Figure 1. Architecture Design in ShuffleNetV2 [1]

Requirements

mindspore ascend driver firmware cann toolkit/kernel
2.3.1 24.1.RC2 7.3.0.1.231 8.0.RC2.beta1

Quick Start

Preparation

Installation

Please refer to the installation instruction in MindCV.

Dataset Preparation

Please download the ImageNet-1K dataset for model training and validation.

Training

  • Distributed Training

It is easy to reproduce the reported results with the pre-defined training recipe.
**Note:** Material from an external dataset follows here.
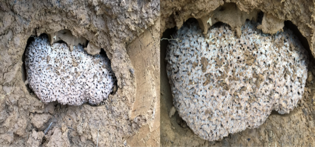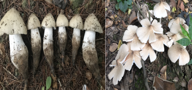 如果白蟻巢體上培養的是雞樅菌的菌絲體,當春天來臨、雷雨過后,蟻巢上方的土壤含水量增大,形成適當的溫差、濕差、氣壓差,巢體上就會形成原基,原基長高形成假根,假根穿過巢體上方的空間,進入巢體上方的土壤,土壤中含水量適宜,假根很快長出土面形成菌柄,菌柄頂端形成菌蓋。雨后空氣濕度大,適合菌柄和菌蓋的生長,在土面上就會突然長出大量雞樅菌的子實體。每年的5月至10月,只要我們不破壞蟻巢,不擾動、驚嚇白蟻,一個蟻巢可以連續出菇4至5批次。營養豐富的雞樅菌子實體為地面上的昆蟲以及人類提供了美味的食物。在一個很小的干重不到100克的蟻巢體上,就可采集到500克以上的鮮菇,這個出菇行為會大量消耗白蟻所需要的營養物質。

For distributed training on multiple Ascend 910 devices, please run

# distributed training on multiple NPU devices
msrun --bind_core=True --worker_num 8 python train.py --config configs/shufflenetv2/shufflenet_v2_0.5_ascend.yaml --data_dir /path/to/imagenet

For detailed illustration of all hyper-parameters, please refer to config.py.
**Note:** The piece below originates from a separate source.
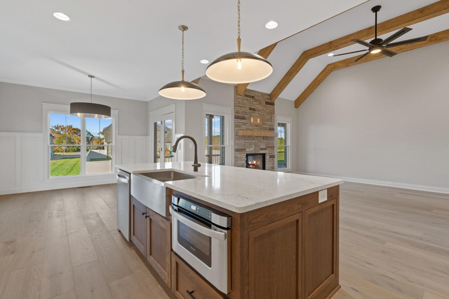 $10,000 toward closing cost and/or rate buy down with Preferred Lender. Exceptional Quality Construction by Eastland Construction Inc. Highland Point Plan, Great 4BR/4Bath plan, Living rm w/ Stone Gas Fireplace & Wood Beams. Hardwood Floors In Living Rm, Kitchen, Eat-In, & Primary BR, Kitchen with Custom Maple Cabinets, Tile Backsplash, Hardwood Floors, Quartz tops, Double Ovens, Microwave, and Dishwasher, Primary BR on Main Level with Large Bath w/ Separate Shower and Large Tub, Double Vanities, & Custom Wood Walk-In Closet. Tile in Baths and Full Utility Rm, 23x18 Recreation Rm w/ built-ins & pre-wired Surround Sound, Oversized Utility Rm, Tankless Water Heater, All Bedrooms have a Full Bath, Irrigation System with all SOD yard, Covered Back porch, and Open Patio Area, Much More!

Note: As the global batch size (batch_size x num_devices) is an important hyper-parameter, it is recommended to keep the global batch size unchanged for reproduction or adjust the learning rate linearly to a new global batch size.

  • Standalone Training

If you want to train or finetune the model on a smaller dataset without distributed training, please run:

# standalone training on single NPU device
python train.py --config configs/shufflenetv2/shufflenet_v2_0.5_ascend.yaml --data_dir /path/to/dataset --distribute False

Validation

To validate the accuracy of the trained model, you can use validate.py and parse the checkpoint path with --ckpt_path.

python validate.py -c configs/shufflenetv2/shufflenet_v2_0.5_ascend.yaml --data_dir /path/to/imagenet --ckpt_path /path/to/ckpt

Performance

Our reproduced model performance on ImageNet-1K is reported as follows.

Experiments are tested on ascend 910* with mindspore 2.3.1 graph mode.

model name params(M) cards batch size resolution jit level graph compile ms/step img/s acc@top1 acc@top5 recipe weight
shufflenet_v2_x0_5 1.37 8 64 224x224 O2 100s 47.32 10819.95 60.65 82.26 yaml weights

Experiments are tested on ascend 910 with mindspore 2.3.1 graph mode.

model name params(M) cards batch size resolution jit level graph compile ms/step img/s acc@top1 acc@top5 recipe weight
shufflenet_v2_x0_5 1.37 8 64 224x224 O2 62s 41.87 12228.33 60.53 82.11 yaml weights

Notes

  • All models are trained on ImageNet-1K training set and the top-1 accuracy is reported on the validatoin set.
  • top-1 and top-5: Accuracy reported on the validation set of ImageNet-1K.

References

[1] Ma N, Zhang X, Zheng H T, et al. Shufflenet v2: Practical guidelines for efficient cnn architecture design[C] //Proceedings of the European conference on computer vision (ECCV). 2018: 116-131.